Ökonom: Deutschland lebt über seine Verhältnisse

Doch nicht alle Ökonomen sehen das so entspannt. Niklas Potrafke hat analysiert, wie Deutschland seine Schuldenlast langfristig tragen kann. Schon vor der Coronakrise kam der Leiter des Ifo-Zentrums für öffentliche Finanzen und politische Ökonomie zu der Einschätzung, Deutschland lebe über seine Verhältnisse. Die Schuldenquote allein sei ja nur ein Kriterium: "Ich glaube, eine der größten Herausforderungen, die auf die Tragfähigkeit der Staatsfinanzen drückt, ist der demografische Wandel. Es werden demnächst immer weniger Junge und immer mehr Alte zu versorgen sein. Und das müssen wir einfach berücksichtigen, wir müssen uns anstrengen."

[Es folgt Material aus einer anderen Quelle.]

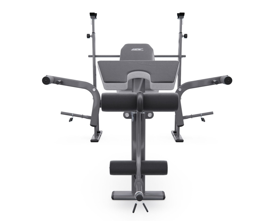 Скамья для жима DFC D702 PRO (широкий хват, с партой для бицепса) — это универсальный и надежный тренажер, идеально подходящий для домашних залов. Благодаря регулировке высоты на 4 уровня (от 102 до 111 см) и регулируемой спинке на 3 уровня, вы можете адаптировать тренажер под свой рост и уровень подготовки, выполняя упражнения на грудь, спину, плечи, бицепсы и трицепсы. Расстояние между стойками — 76 см, что позволяет использовать большинство видов штанг и грифов. Максимальная нагрузка — 180 кг, включая вес пользователя и грузовые диски, что обеспечивает безопасность и эффективность тренировок. В комплект входят съемные рычаги для валиков с нагрузкой до 80 кг и ручной рычаг — до 40 кг, а размеры сиденья (30 × 28 × 4 см) и спинки (74,5 × 28 × 4 см) гарантируют комфорт и поддержку. Конструкция выполнена из прочного стального профиля, а возможность регулировки по высоте позволяет полноценно прорабатывать все группы мышц в домашних условиях.
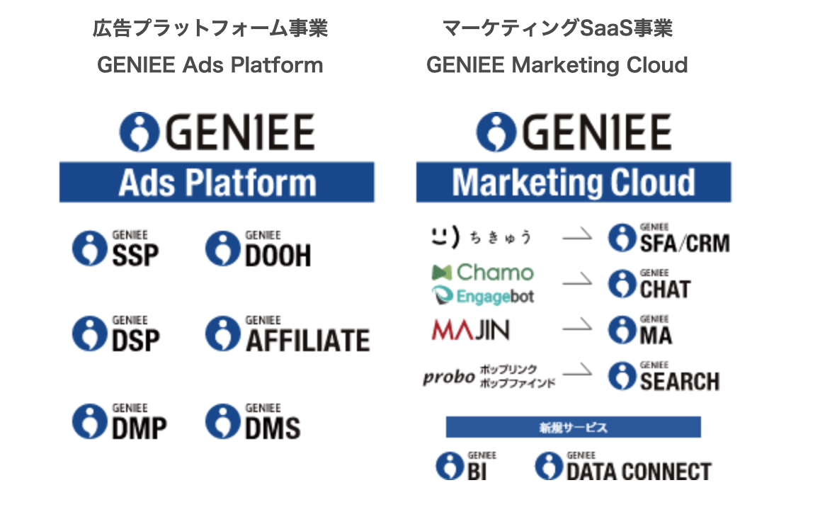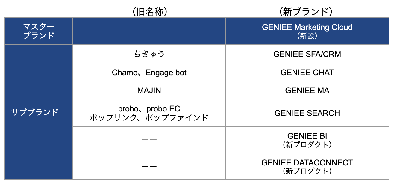 ジーニーは、2010年の創業以来、広告プラットフォーム事業で市場シェアを獲得し、2016年以降はデジタルマーケティングツールの開発に着手し、提供ツールの拡充(サイト内検索エンジン、チャットツール、MA、SFA/CRM、BI)を進めてきました。今回、サービス体系を見直し、2つの新ブランドに各種プロダクトを統合することで当社サービスの提供を促進し、日本とアジア企業のマーケティング活動支援・企業の業績向上に貢献してまいります。
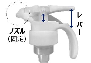 シャンプーポンプのように、押したときにノズルまで一緒に下がってしまうと、狙ったのとは違うところに洗剤が出てしまう可能性があります。そこで、レバーを押してもノズルは動かない設計にしました。
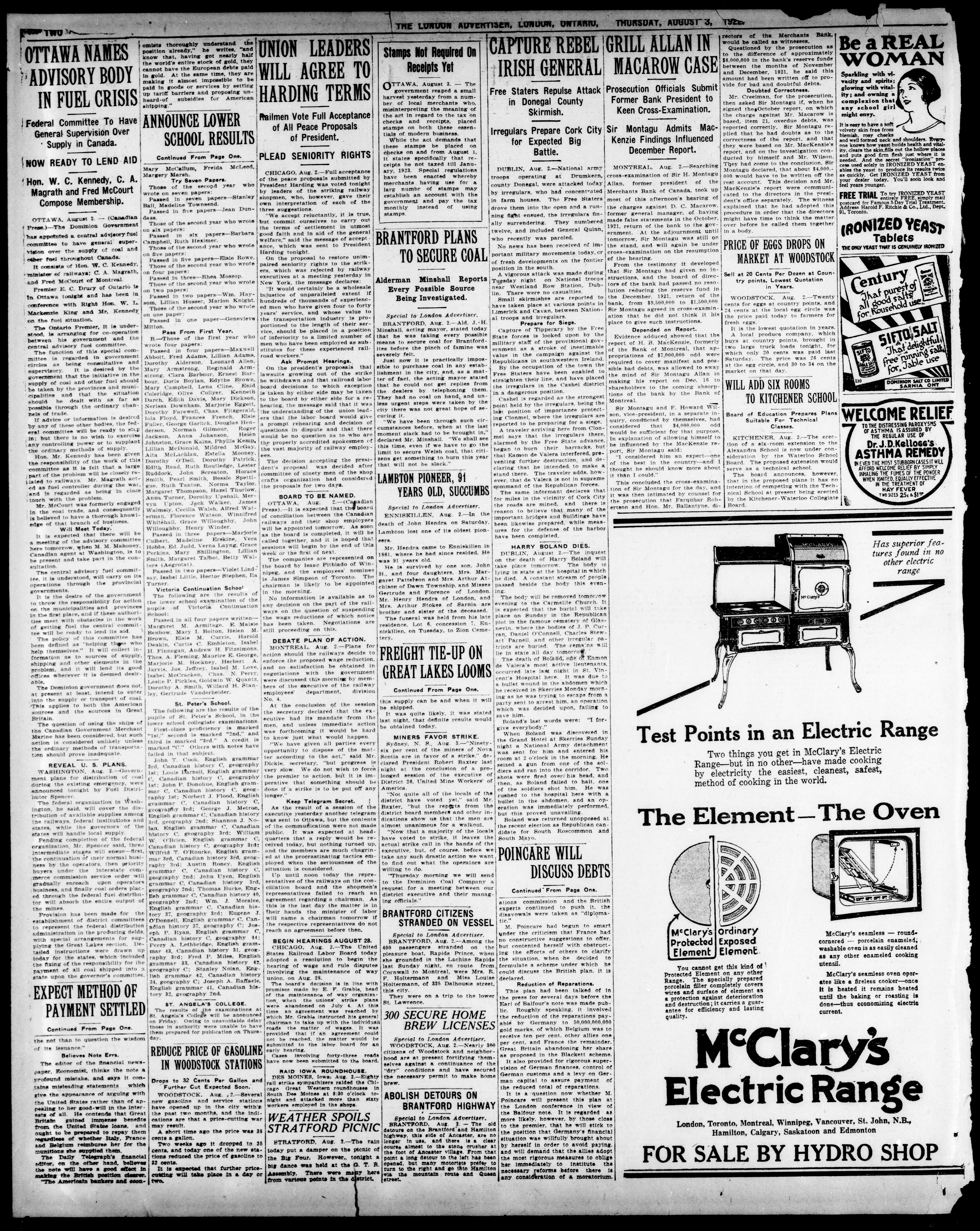 London advertiser. : The London Advertiser : 59th Year, No. 23405 (August 3, 1922)

Innerhalb der Ampelregierung will vor allem die FDP zurück zur Schuldenbremse. Der haushaltspolitische Sprecher Otto Fricke sagt, noch sei der Schuldenstand kein Problem. Deutschland bekäme am Kapitalmarkt weiterhin problemlos Geld geliehen. Doch die Zinsen würden steigen – und damit auch die Belastung. Er prognostiziert: "Steigt die Durchschnittsverzinsung des Bundes um 0,1 Prozent – um 0,1 nicht um 1,0 – dann heißt das pro Jahr 1,5 Milliarden Euro mehr an Zinsleistungen, die wir nicht haben für Bildung, für Forschung, für Familie, für Soziales, für all die Dinge, die notwendig sind. Und das ist das, was so gefährlich ist an der Frage der Verschuldung."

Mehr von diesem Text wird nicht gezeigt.